Quinho confirmou que conduzia bem e até piscava o carro no momento certo de piscar. 

FIM


Este conto foi inspirado numa viagem que fiz ao Malawi, durante o ano em que vivi em Moçambique. Foi escrito pela primeira vez em 2013. 

O meu Pai embarcou, em Lisboa, a caminho de Angola, no Paquete Quanza no dia 5 Fevereiro 1968, levou 17 dias até chegar a Luanda e daí seguiu para Bela Vista. Voltou a Portugal no dia 26 Abril 1970. Nesse outono conheceu a minha Mãe, em Lisboa. E casaram um ano depois em Dezembro de 1971. Em Angola, na Guerra, ele era responsável pelas viaturas, entre grandes camiões e jipes, da sua Companhia. Era o chefe da oficina e dos mecânicos. 

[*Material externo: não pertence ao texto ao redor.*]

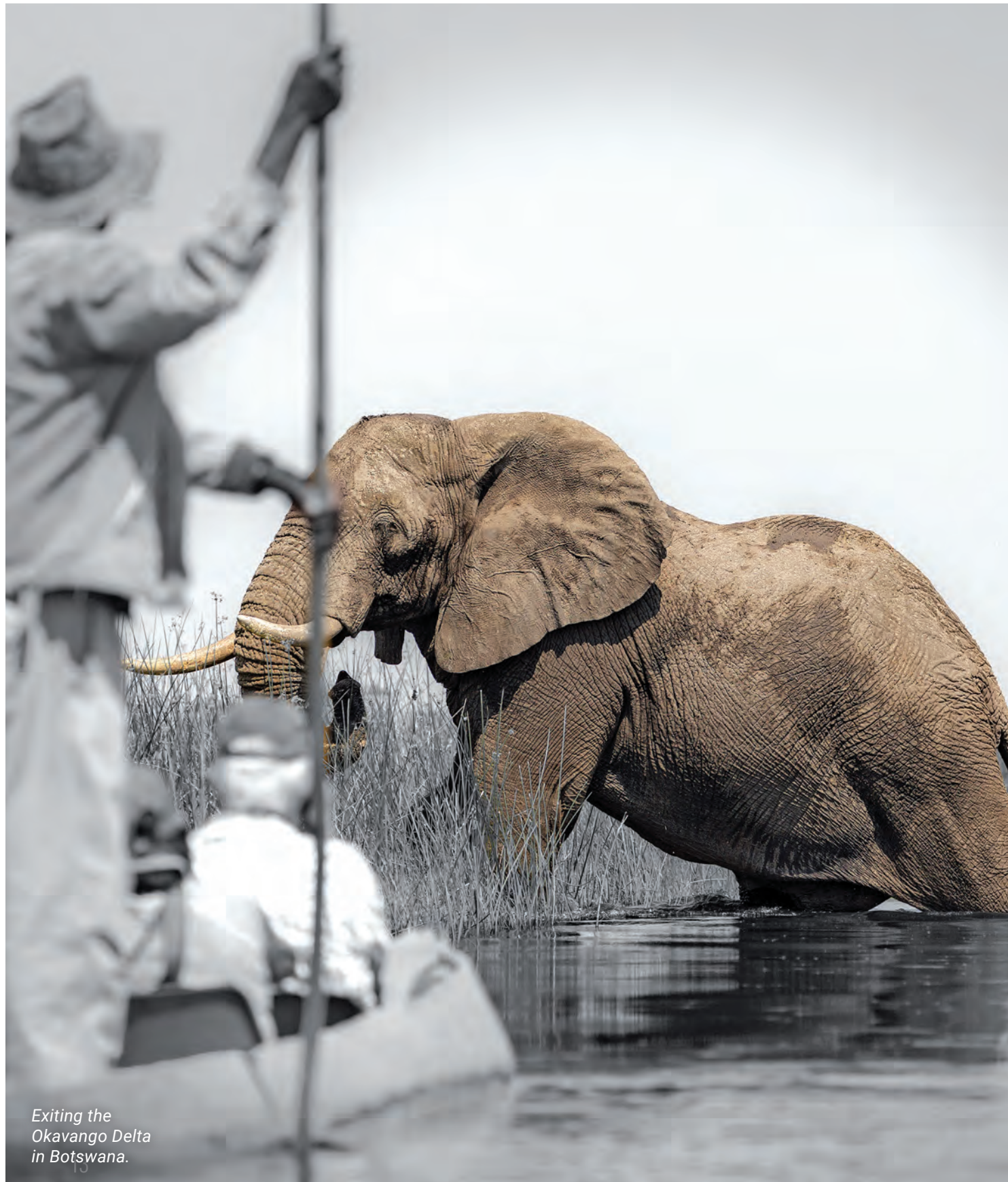
Exiting the Okavango Delta in Botswana.

O ur lives and economy depend on our natural capital. Whether rural Africans can sustain their livelihoods by working in agriculture, fishing or the wildlife and tourism sector depends on the health of rivers and other freshwater ecosystems that support biodiversity.

No meu ano em Moçambique, entre 2010 e 2011, fiz várias viagens e tivemos de ir a algumas oficinas com o carro - uma pickup Toyota Hillux. Sempre que entrava numa dessas oficinas ficava fascinada com aquele caos e lembrava-me sempre do meu Pai. As minhas idas às oficinas, e a paixão do meu Pai pelos carros e pela condução, que passou para mim, inspiraram-me a imaginar este conto. 

Faz hoje um ano que o Xicá partiu. Nunca leu este conto. Penso nele todos os dias, e não é por isso que sinto menos saudades. Pelo contrário.